Un changement démographique est en cours à Portland, où la population née dans le Maine a diminué de près d’un tiers au cours des 25 dernières années.
Le paysage pittoresque de Portland, son faible taux de criminalité et son sens de la communauté sont à l’origine de cet afflux.
Mais la composition changeante de la ville a fait craindre qu’elle ne perde une partie du charme qui a attiré tant de gens de partout dans les États.
En 2024, seulement 40 % de la population de la ville était née dans le Maine, selon la dernière enquête sur la communauté américaine. Ce chiffre est en baisse par rapport aux 59 pour cent de 2000.
À titre de comparaison, à New York, régulièrement classée parmi les villes les plus diversifiées au monde, 48 % des habitants sont nés dans l’État de New York.
Si la tendance à Portland se poursuit au même rythme, il n’y aura théoriquement plus d’habitants du Maine qui y vivront d’ici 2050, bien que les experts ne croient pas que cette tendance se poursuive sans contrôle.
Beth Tannenhaus Winsten, une cinéaste originaire du Michigan, a déclaré au Portland Press Herald qu’elle était venue à Portland parce que “il y avait une communauté, de la beauté et des gens sympas”.
En 2024, seulement 40 % de la population de Portland était née dans le Maine, soit une baisse de près d’un tiers par rapport à 2000. (Photo : des gens marchent dans une rue du quartier du Vieux-Port)
Beth Tannenhaus Winston, du Michigan, fait partie de ceux qui ont adopté Portland, dans le Maine, comme nouvelle maison.
Elle faisait partie des 126 000 personnes hors de l’État qui ont déménagé dans le Maine de 2020 à août 2025, selon une analyse des données de conversion de permis de conduire publiée par l’agence.
Le déclin des Mainers originaires de Portland, en préparation depuis des décennies, ne s’est accéléré que pendant la pandémie de Covid-19, alors que les habitants des grandes villes ont déménagé lorsqu’ils avaient la possibilité de travailler à domicile.
Un afflux de transplantations, ainsi qu’une offre limitée de logements, ont fait grimper les prix de l’immobilier dans la ville, qui viennent tout juste de commencer à se stabiliser, selon les données de Redfin.
Actuellement, le coût médian d’une maison à Portland est de 594 000 $, soit environ 38 % de plus que la moyenne nationale.
Le boom immobilier a également rendu les habitants plus chers, avec près de 83 % des habitants du Maine incapables de se permettre une maison typique dans l’État, selon une analyse réalisée en 2026 par la National Association of Home Builders.

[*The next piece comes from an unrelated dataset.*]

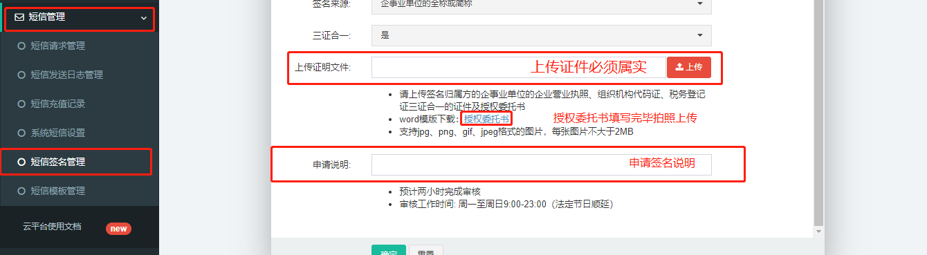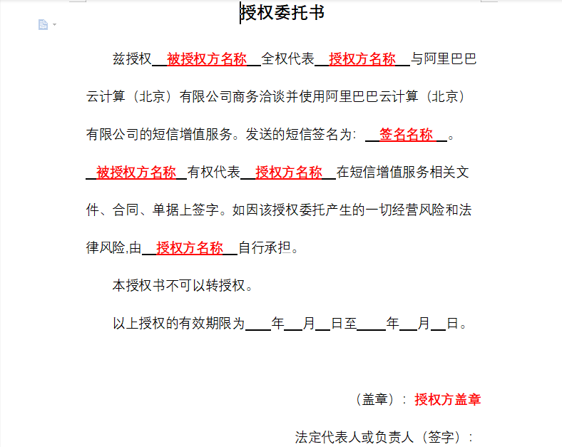 - 短信服务提供授权委托书的Word模板,请在申请页面单击下载模板。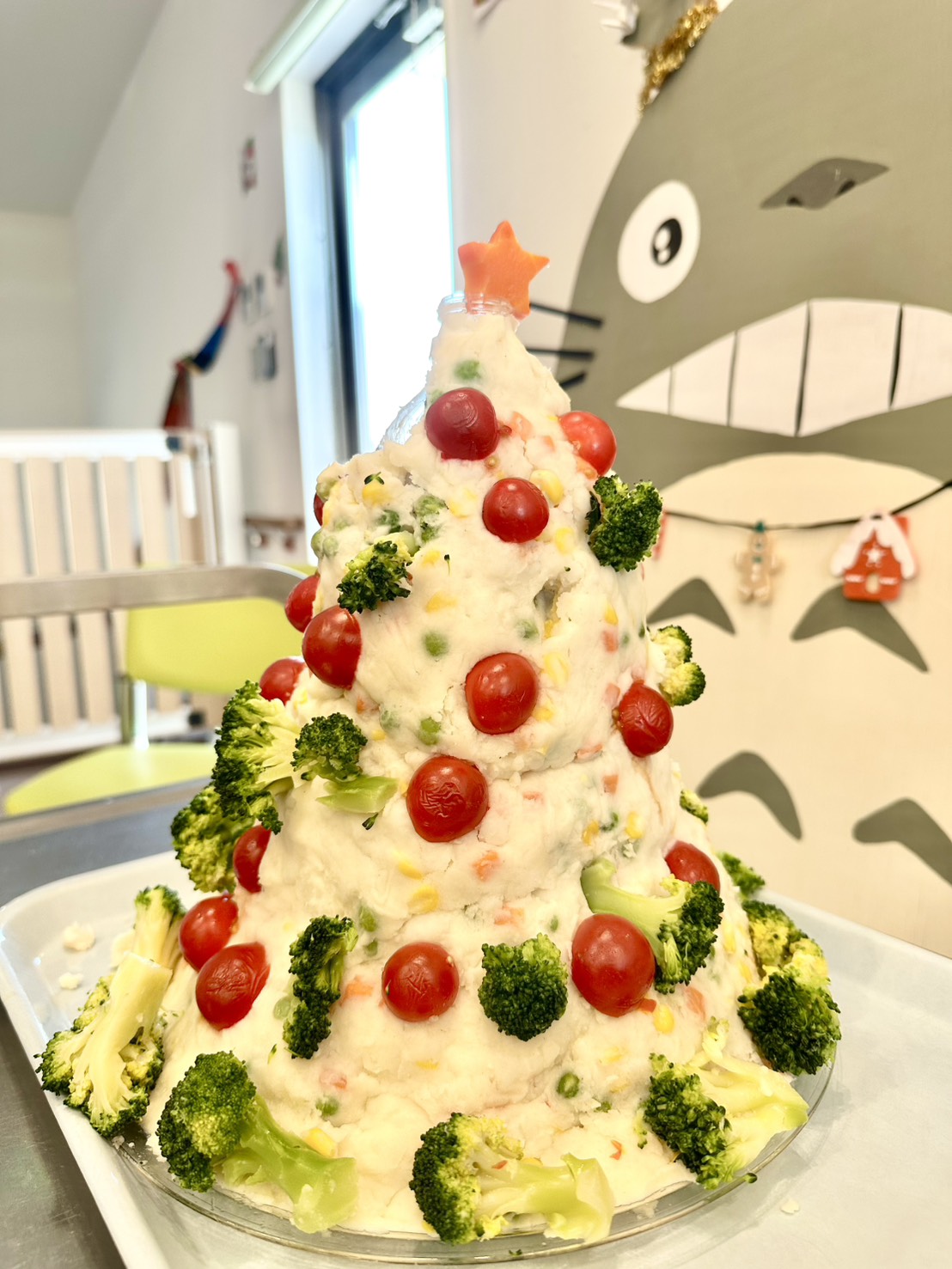 迫力満点・圧巻のポテトサラダタワーがでました✨倒れないよう慎重に運びながらの配膳はハラハラしました💦

Malgré cela, Portland a toujours l’avantage d’être beaucoup moins chère que les autres villes côtières de la Nouvelle-Angleterre qui disposent également de ports en activité et de côtes rocheuses pittoresques.
Une propriété similaire à Gloucester, dans le Massachusetts, coûterait plus près de 740 000 $.
Beaucoup sont également attirés par la scène culinaire et artistique dynamique de Portland, qui l’a surnommée le centre culturel du pays.
Claire Considine est née dans le Maine et y est récemment revenue. Elle a dit qu’elle était une « nouvelle » parmi ses amis, mais qu’elle ne s’inquiétait pas de l’évolution des catégories démographiques.
Portland, une ville balnéaire colorée, est largement considérée comme le centre culturel de l’État grâce à sa scène culinaire et artistique dynamique.
Elle est également connue pour ses musées et sites culturels, dont Victoria Villa.
Loretta Lees, urbaniste et directrice du corps professoral de la Cities Initiative à l’Université de Boston, a déclaré au Portland Press Herald que la forte identité de la ville en Nouvelle-Angleterre est probablement ce qui attire de nouveaux résidents.
“Il espère qu’ils y participeront”, a-t-elle déclaré.
De plus, Portland a un faible taux de criminalité et est généralement considérée comme un endroit sûr où vivre.
Les données du FBI montrent que Portland a enregistré environ 2,7 crimes violents pour 1 000 habitants en 2024, soit 25 % de moins que la moyenne nationale. Portland, cependant, est aux prises avec une augmentation des crimes contre les biens, notamment des vols à l’étalage et des cambriolages de voitures.
Malgré l’évolution démographique, de nombreux habitants du Maine déclarent qu’ils ne se sentent pas menacés par les arrivées de l’extérieur de l’État, car ils reconnaissent toujours le caractère unique de la ville dans laquelle ils habitent.
Claire Considine, née dans le Maine mais ayant fait ses études universitaires en Californie, est récemment revenue à Portland après un passage à New York.
Elle a dit qu’elle était « une sorte de nouveauté » parmi ses amis transplantés, mais elle est heureuse d’avoir pris la décision de revenir.
“J’adore cet endroit”, a-t-elle déclaré au Portland Press Herald.